Il imaginait difficilement que son visiteur eut pu accéder aux appartements mis à la disposition de la Grande Guérisseuse de Gondor, qui était par ailleurs toujours son hôte. Comment aurait-il pu le faire au nez et à la barbe des habitants du palais, lui qui n'était arrivé que ce matin-même ? Et pourtant la coïncidence n'était certainement pas fortuite : un instant plus tôt, il venait lui rebattre les oreilles avec ses idées de pitié et de bonté, d'empathie et de compassion envers les Humains et... leurs problèmes. Non, le hasard était bien trop improbable.

- Oui, et non, fut la réponse sibylline qu'il obtint.

Hyaril préférait rester vague. Devait-il lui révéler que Dalia de Ronce, toujours soucieuse du bien-être du peuple gondorien, et toujours désireuse de le protéger non seulement des maladies, mais aussi des souffrances inhérentes aux penchants de la race humaine, s'était confiée à l'un des seuls Vigiles présents dans la Cité Blanche, un certain Demetion Farthas, et qu'entre autres considérations sur la violence qui gangrenait les ruelles de la ville, elle lui avait aussi accordé sa confiance et fait part de ses angoisses concernant le grand danger qui planait sur le monde. Puisque les autorités de Gondor ne semblaient pas prendre la menace au sérieux, elle avait décidé de sauter le pas elle-même. Avant de prendre congé de Demetion, elle lui avait indiqué son désir d'informer les Elfes de la situation, eux qui n'avaient point reçu la Missive, et en premier lieu le royaume elfique le plus étendu, Vertbois-le-Grand. De Demetion et par le truchement du fidèle Indralorn, la chose avait atteint les oreilles de Hyaril qui, ne connaissant que trop bien le tempérament de l'héritier de Thranduil, avait décidé de venir en personne au Palais des Elfes pour essayer de le sortir de l'indifférence.

- Je ne l'ai pas rencontré directement, finit-il par lâcher. C'est par mes propres subalternes que j'ai su qu'elle avait l'intention de demander votre aide.

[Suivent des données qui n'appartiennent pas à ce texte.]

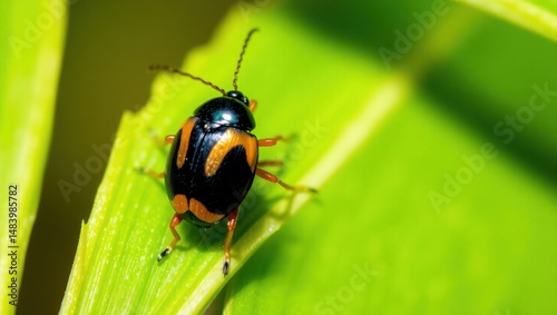 Fototapeta premium Colorful Leaf Beetle on Green Blade of Grass Close-Up

- De demander mon aide pour faire quoi ? questionna Angrod en fronçant les sourcils. Elle a certes mentionné une menace, diffuse, latente, a parlé d’objets magiques qui pourraient être utilisés pour de mauvais desseins s'ils tombaient entre de mauvaises mains... Et si vous voulez mon avis, les mauvaises mains sont souvent celles des Hommes, car c'est bien par leur faute que la beauté de la Terre du Milieu se dégrade et que son éclat faiblit inéluctablement. On ne peut pas empêcher un pyromane de jouer avec le feu, c'est dans sa nature... on ne peut qu'attendre qu'il se brûle avec, hélas !

Hyaril aurait plus que jamais voulu pouvoir sonder l'esprit de son prestigieux interlocuteur : la Dame de Ronce lui avait-il apporté aussi peu d'informations concrètes qu'il le prétendait ? Elle n'avait pas donné beaucoup de détails à Demetion, en tout cas... L'espoir qu'il avait eu d'en apprendre davantage de la bouche d'Angrod s'amenuisait.

- Les Hommes... déclara-t-il comme dans une tirade de la dernière chance. Ils sont loin d'être parfaits, je ne le nie pas. Mais beaucoup sont bons, quoique souvent maladroits. Je me dis qu'il est de notre devoir, nous qui en savons davantage sur le monde et sur sa destinée, de remettre les Hommes dans le droit chemin, autant que nous le puissions. Nous sommes tous des Eruhini, des Enfants d'Eru, et si nous sommes les Premiers-nés, alors agissons à la manière d'un aîné qui prend soin de son cadet. Je vous en conjure, rappelez-vous ces phrases si, dans un avenir proche, vous étiez amené à faire un choix.